It seems in the median_max_durations list we have less elements than in the segments list.

I'm using large-v3-turbo model with these transcibe settings:

segments, _ = asr_model.transcribe(audio_to_analize, language="fr", condition_on_previous_text=False, initial_prompt="Free", task='transcribe', word_timestamps=True, suppress_tokens=[-1, 12], beam_size=5) 
segments = list(segments)  # The transcription will actually run here.
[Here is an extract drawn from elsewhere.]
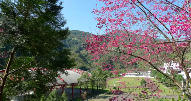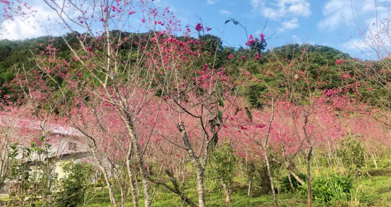 再往明池、拉拉山的方向行駛,不久便會到達「棲蘭達漾咖啡」。達漾是一家山區小餐館,種植咖啡超過20年,提供研磨咖啡、香草花茶與山產美食餐點,服務往來北橫的遊客。主人特別推薦了幾道特色餐點,包括野生山豬肉、刺蔥蛋以及現採竹筍湯等,再搭配現採香草茶、水果花茶以及特調咖啡,讓這一頓餐點豐盛又美味。今年園區的櫻花預計從2月初開到中旬,也就是在過年期間將是最盛開的時刻,沿著散步小徑邊走邊拍, 豔紅的山櫻花為翠綠山景抹上紅妝,灑落滿地的山櫻更是浪漫。因為櫻花花期不長,建議大家要把握最佳時間,才能欣賞到唯美夢幻的櫻花景致。
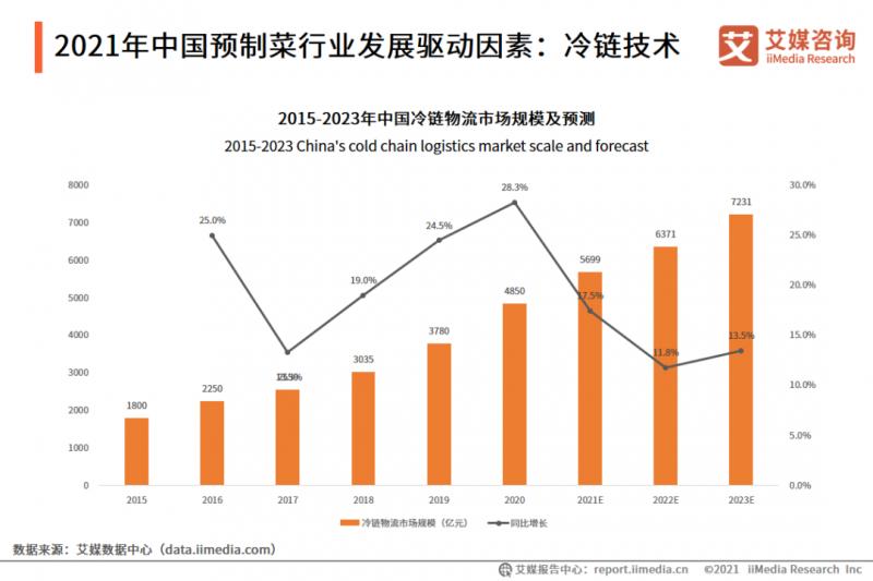 冷鏈物流技術驅動預制菜市場發展,2021年中國冷鏈物流市場規模將達5699億元,同比增長17.5%,冷鏈物流整體市場規模增長較快。艾媒分析師認為,冷鏈物流保障了預制菜品的新鮮度和提升了銷售半徑,中國冷鏈物流市場規模不斷擴大,有助于預制菜行業業務拓展和擴充。

As I see, the median_max_durations is populated from alignments, so something is maybe wrong there? If i change language or prompt, or use another sound file, then there is no issue.

Thank you

MahmoudAshraf97 commented 1 day ago

I'm aware that this error exists but I had no luck in reproducing it, can you write the exact steps to reproduce and upload the audio file?

formater commented 1 day ago

Yes. The sample python code that generates the issue:

import torch
from faster_whisper import WhisperModel

asr_model = WhisperModel("large-v3-turbo", device="cuda", compute_type="int8", download_root="./models")
segments, _ = asr_model.transcribe('test.wav',  language='fr', condition_on_previous_text=False, initial_prompt='Free', task='transcribe', word_timestamps=True, suppress_tokens=[-1, 12], beam_size=5)
segments = list(segments)  # The transcription will actually run here.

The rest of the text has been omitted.